> _Provided entries_

☆ ☆ ☆

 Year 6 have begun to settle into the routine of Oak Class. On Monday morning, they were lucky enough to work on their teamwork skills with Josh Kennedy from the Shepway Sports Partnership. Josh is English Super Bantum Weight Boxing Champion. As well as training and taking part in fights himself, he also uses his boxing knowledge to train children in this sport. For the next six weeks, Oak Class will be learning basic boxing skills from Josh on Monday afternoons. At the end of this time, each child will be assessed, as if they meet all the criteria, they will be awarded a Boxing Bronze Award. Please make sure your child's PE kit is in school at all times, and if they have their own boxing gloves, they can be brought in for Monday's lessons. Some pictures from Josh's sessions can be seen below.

☆ ☆ ☆

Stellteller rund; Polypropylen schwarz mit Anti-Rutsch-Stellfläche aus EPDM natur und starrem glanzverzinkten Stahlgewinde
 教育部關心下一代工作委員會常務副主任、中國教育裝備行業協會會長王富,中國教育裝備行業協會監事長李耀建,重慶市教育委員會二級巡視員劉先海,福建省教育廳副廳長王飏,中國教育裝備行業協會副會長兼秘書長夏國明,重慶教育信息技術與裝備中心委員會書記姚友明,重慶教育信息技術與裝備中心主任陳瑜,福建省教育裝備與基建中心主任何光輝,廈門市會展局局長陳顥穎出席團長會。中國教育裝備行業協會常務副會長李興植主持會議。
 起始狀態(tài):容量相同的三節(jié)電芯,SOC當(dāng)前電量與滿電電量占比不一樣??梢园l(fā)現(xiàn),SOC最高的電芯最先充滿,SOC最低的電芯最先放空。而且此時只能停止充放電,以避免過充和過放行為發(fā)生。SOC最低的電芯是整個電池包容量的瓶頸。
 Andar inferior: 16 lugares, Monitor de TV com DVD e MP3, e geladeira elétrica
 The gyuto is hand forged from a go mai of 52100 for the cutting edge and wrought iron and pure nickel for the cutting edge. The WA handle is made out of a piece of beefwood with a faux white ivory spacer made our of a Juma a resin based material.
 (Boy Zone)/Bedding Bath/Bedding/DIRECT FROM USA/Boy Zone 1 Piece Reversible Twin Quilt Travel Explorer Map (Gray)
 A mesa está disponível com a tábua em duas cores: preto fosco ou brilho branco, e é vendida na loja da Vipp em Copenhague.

☆ ☆ ☆

> _Exercise goal_
Lines from the records above that hold "with" are the ones to list.

> _Reply to the exercise_
 Year 6 have begun to settle into the routine of Oak Class. On Monday morning, they were lucky enough to work on their teamwork skills with Josh Kennedy from the Shepway Sports Partnership. Josh is English Super Bantum Weight Boxing Champion. As well as training and taking part in fights himself, he also uses his boxing knowledge to train children in this sport. For the next six weeks, Oak Class will be learning basic boxing skills from Josh on Monday afternoons. At the end of this time, each child will be assessed, as if they meet all the criteria, they will be awarded a Boxing Bronze Award. Please make sure your child's PE kit is in school at all times, and if they have their own boxing gloves, they can be brought in for Monday's lessons. Some pictures from Josh's sessions can be seen below.
 The gyuto is hand forged from a go mai of 52100 for the cutting edge and wrought iron and pure nickel for the cutting edge. The WA handle is made out of a piece of beefwood with a faux white ivory spacer made our of a Juma a resin based material.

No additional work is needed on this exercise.